**Data**
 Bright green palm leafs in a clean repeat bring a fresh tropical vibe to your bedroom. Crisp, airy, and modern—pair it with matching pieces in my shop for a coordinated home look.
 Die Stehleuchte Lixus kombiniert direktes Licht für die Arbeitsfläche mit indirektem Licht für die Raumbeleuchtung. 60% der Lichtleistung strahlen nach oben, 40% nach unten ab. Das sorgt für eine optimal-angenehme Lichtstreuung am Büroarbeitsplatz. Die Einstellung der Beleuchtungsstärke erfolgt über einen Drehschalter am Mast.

--

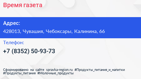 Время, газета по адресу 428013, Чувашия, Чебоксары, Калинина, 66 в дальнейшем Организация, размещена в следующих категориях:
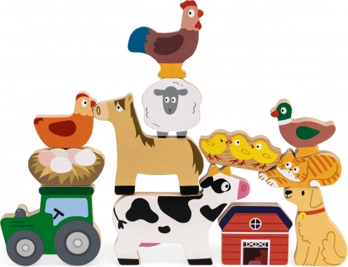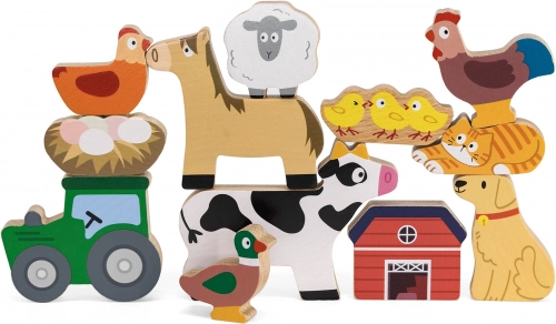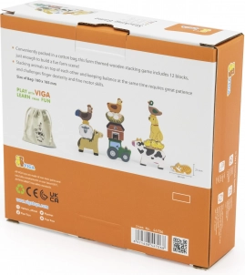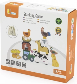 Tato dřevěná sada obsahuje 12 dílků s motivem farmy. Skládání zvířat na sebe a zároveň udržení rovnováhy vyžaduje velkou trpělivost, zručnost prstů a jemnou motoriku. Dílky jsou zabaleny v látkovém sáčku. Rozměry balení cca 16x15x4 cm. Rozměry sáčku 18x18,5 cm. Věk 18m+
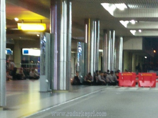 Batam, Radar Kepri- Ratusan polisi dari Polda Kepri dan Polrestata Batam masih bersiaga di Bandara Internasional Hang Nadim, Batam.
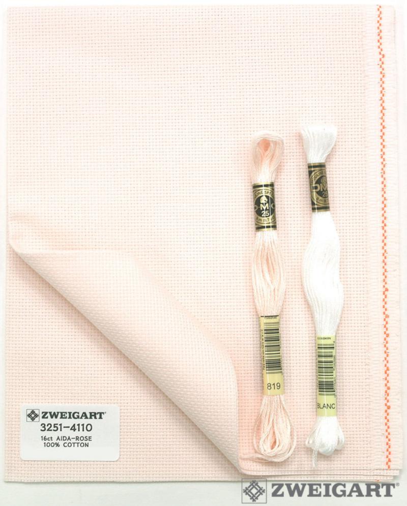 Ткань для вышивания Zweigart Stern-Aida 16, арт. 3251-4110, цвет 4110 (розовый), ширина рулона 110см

**Aim of the exercise**
Go to the line above that has "Время, газета по" and copy exactly from there down to the line that has "Ткань для вышивания", both included. Leave the pictures out.

**Final answer**
 Время, газета по адресу 428013, Чувашия, Чебоксары, Калинина, 66 в дальнейшем Организация, размещена в следующих категориях:
 Tato dřevěná sada obsahuje 12 dílků s motivem farmy. Skládání zvířat na sebe a zároveň udržení rovnováhy vyžaduje velkou trpělivost, zručnost prstů a jemnou motoriku. Dílky jsou zabaleny v látkovém sáčku. Rozměry balení cca 16x15x4 cm. Rozměry sáčku 18x18,5 cm. Věk 18m+
 Batam, Radar Kepri- Ratusan polisi dari Polda Kepri dan Polrestata Batam masih bersiaga di Bandara Internasional Hang Nadim, Batam.
 Ткань для вышивания Zweigart Stern-Aida 16, арт. 3251-4110, цвет 4110 (розовый), ширина рулона 110см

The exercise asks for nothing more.